Home BlogBlog Detail

Fast AutoML with FLAML + Ray Tune

By Qingyun Wu, Chi Wang, Antoni Baum, Richard Liaw and Michael Galarnyk | August 24, 2021

FLAML is a lightweight Python library from Microsoft Research that finds accurate machine learning models in an efficient and economical way using cutting edge algorithms designed to be resource-efficient and easily parallelizable. FLAML can also utilize Ray Tune for distributed hyperparameter tuning to scale up these AutoML methods across a cluster.

This blog highlights:

The need for economical AutoML methods
Economical AutoML with FLAML
How to scale FLAML’s optimization algorithms with Ray Tune

LinkThe need of economical AutoML methods

AutoML is known to be a resource and time consuming operation as it involves trials and errors to find a hyperparameter configuration with good performance. Since the space of possible configuration values is often very large, there is a need for an economical AutoML method that can more effectively search them.

The high resource and time consumption of hyperparameter search in AutoML boils down to the following two factors:

large number of candidate hyperparameter configurations (trial) needed to find a configuration with good performance
high ‘evaluation’ cost of each hyperparameter as the evaluation involves training and validating a machine learning model with the given training data.
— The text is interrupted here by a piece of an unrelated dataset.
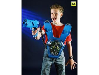 Enter into a world where you can suit up in ultra high-tech laser sensored vests, move through column forests and maze-like corridors to zap opponents. It is action-packed game which combines the ever-so-popular games of hide-and-go-seek, tag, and capture-the-flag with state-of-the-art interactive computer and laser. Includes four passes. Each pass is good for one game of laser tag. www.q-zar.com

To address both of these factors, Microsoft Researchers have developed FLAML (Fast Lightweight AutoML).

WHAT IS FLAML?

FLAML is a newly released library containing state-of-the-art hyperparameter optimization algorithms. FLAML leverages the structure of the search space to optimize for both cost and model performance simultaneously. It contains two new methods developed by Microsoft Research:

Cost-Frugal Optimization (CFO)
BlendSearch

Cost-Frugal Optimization (CFO) is a method that conducts its search process in a cost-aware fashion. The search method starts from a low-cost initial point and gradually moves towards a higher cost region while optimizing the given objective (like model loss or accuracy).

Blendsearch is an extension of CFO that combines the frugality of CFO and the exploration ability of Bayesian optimization. Like CFO, BlendSearch requires a low-cost initial point as input if such point exists, and starts the search from there. However, unlike CFO, BlendSearch will not wait for the local search to fully converge before trying new start points.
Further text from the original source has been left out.